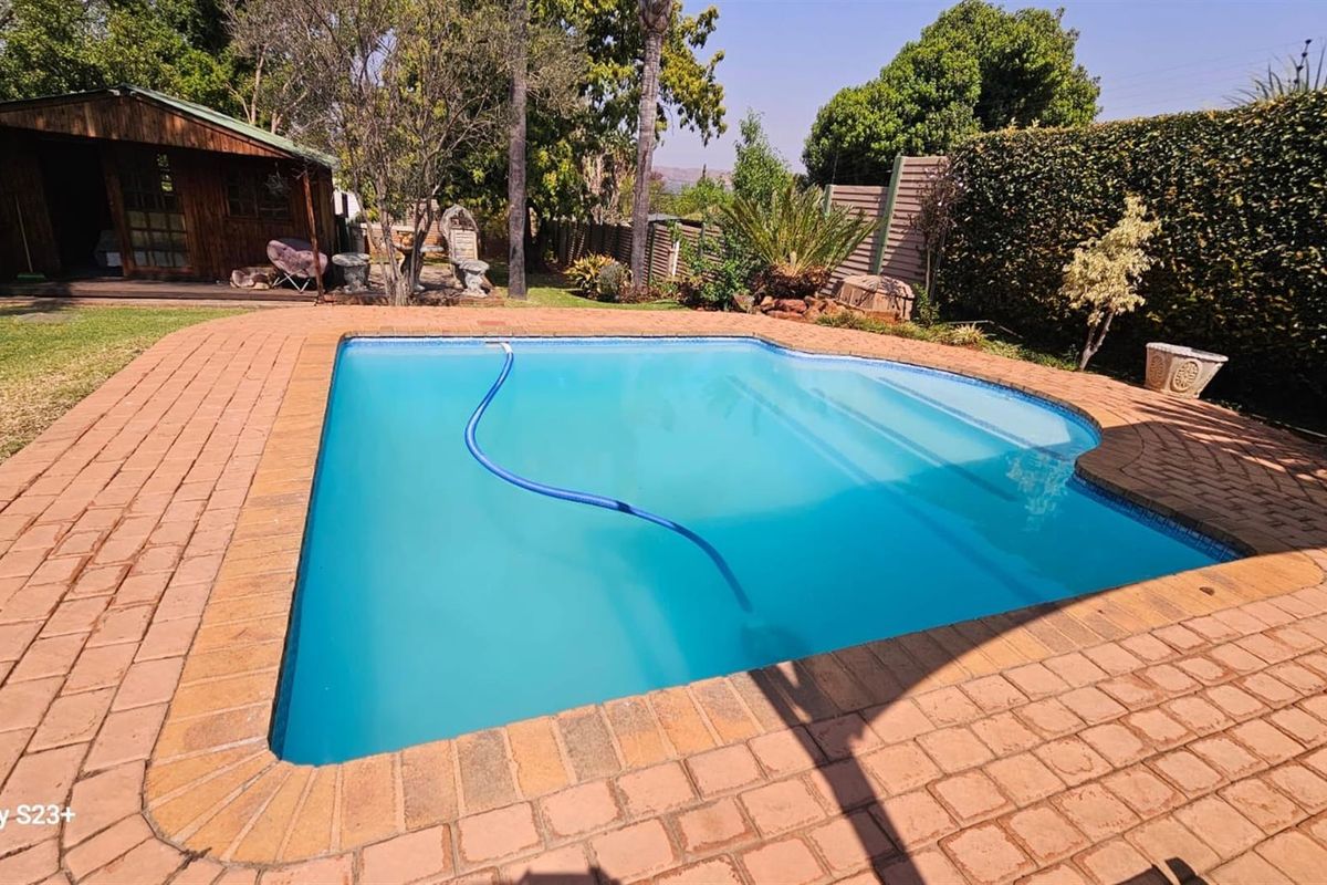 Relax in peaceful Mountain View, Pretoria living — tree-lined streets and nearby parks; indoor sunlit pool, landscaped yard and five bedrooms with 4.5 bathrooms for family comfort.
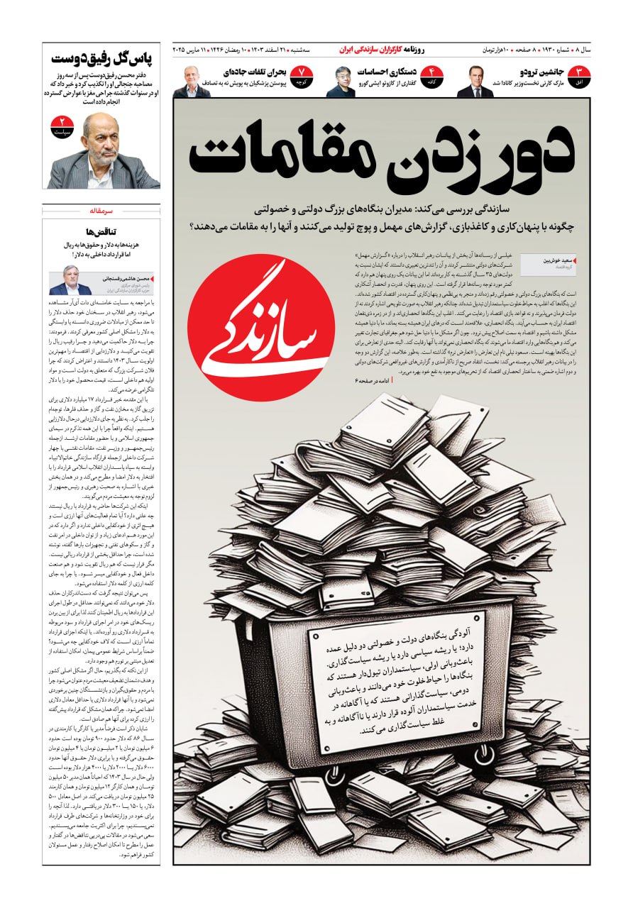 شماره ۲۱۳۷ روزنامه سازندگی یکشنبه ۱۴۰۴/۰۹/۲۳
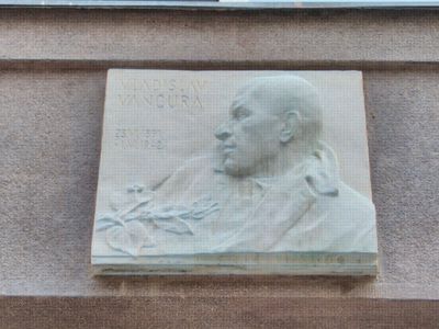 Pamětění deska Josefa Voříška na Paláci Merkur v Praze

_____

Exercise directions: Would you return the data exactly as written, without the pictures?

Task answer:
 Relax in peaceful Mountain View, Pretoria living — tree-lined streets and nearby parks; indoor sunlit pool, landscaped yard and five bedrooms with 4.5 bathrooms for family comfort.
 شماره ۲۱۳۷ روزنامه سازندگی یکشنبه ۱۴۰۴/۰۹/۲۳
 Pamětění deska Josefa Voříška na Paláci Merkur v Praze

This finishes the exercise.